We originally planned to compare the two mean pain scores (fascia iliaca block versus sham injection groups) at 45 min. However, given that, despite randomisation, the two groups had different mean baseline scores, we elected to evaluate the longitudinal pain trajectories and tested for parallelism instead. Therefore, the primary outcome was the comparison between groups of the longitudinal pain score profiles at rest over the first 45 min following the procedure. Pain intensity was assessed with an 11-point numeric rating scale (NRS), ranging from 0 (no pain) to 10 (worst imaginable pain). Secondary pain-related outcomes included comparison of the longitudinal pain score profiles on movement over the first 45 min following the procedure; longitudinal pain score profiles at rest and during movement (standardized gentle 15°-elevation of the leg) 4 h, 8 h, 12 h and 24 h after the injection (NRS, 0–10); and cumulative intravenous morphine consumption at 24 h after the injection (mg). Other outcomes were length of stay, and mortality at 3 months. The between group difference in NRS score over time was analysed as a post hoc addition to the protocol in order to explore the potential impact of baseline pain score differences between groups.

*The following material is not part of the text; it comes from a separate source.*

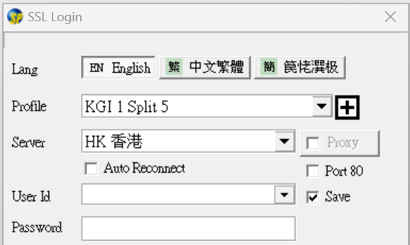 You can login via  website “eFO SP” or   SP Trader Pro HD (Mobile App).Select the profile “KGI 1 Split 5”.  If the profile “KGI 1 Split 5” is not listed, please manually enter the host (spauto.kgi.com.hk) to login.

Based on published data, mean NRS pain score at rest when patients are untreated was anticipated to be 8/10 with a variance of 2 . We determined a clinically meaningful decrease in pain score at rest to be 2 points after a fascia iliaca block. As a result, we calculated that a minimum of 10 patients per group was necessary to detect a difference between groups, with a power of 90% and an alpha error of 0.05, using a one-sided test. Allowing for a 50% patient drop-out rate due to protocol violation or consent withdrawal, we planned to enrol a total of 30 patients. Continuous and non-continuous data are summarized as medians with 25th–75th interquartile ranges (IQR), means and standard deviations or absolute numbers, when appropriate. Baseline characteristics of the two groups were compared using the Wilcoxon-Mann-Whitney rank sum test for continuous variables (age, pre-intervention drug dose received) and by the Pearson’s chi-squared test for discrete variables (gender, ASA score, etc.). The NRS over time was analysed using linear mixed models with a random effect to account for the correlation induced by the individual differences . The analyses were adjusted for gender, ASA score, and pre-procedure intravenous morphine consumption. The between group difference in NRS was assessed over time for different follow-up periods using the Wald test. The interaction between gender and ASA category was also tested. The best dose-response functional forms for the pre-intervention cumulative intravenous morphine consumption were assessed by the method of fractional polynomials and the goodness of fit by residual analysis . Significance was considered at p < 0.05. Statistical analyses were performed using the Stata 14.2 statistical package (Stata Corporation, College Station, Texas).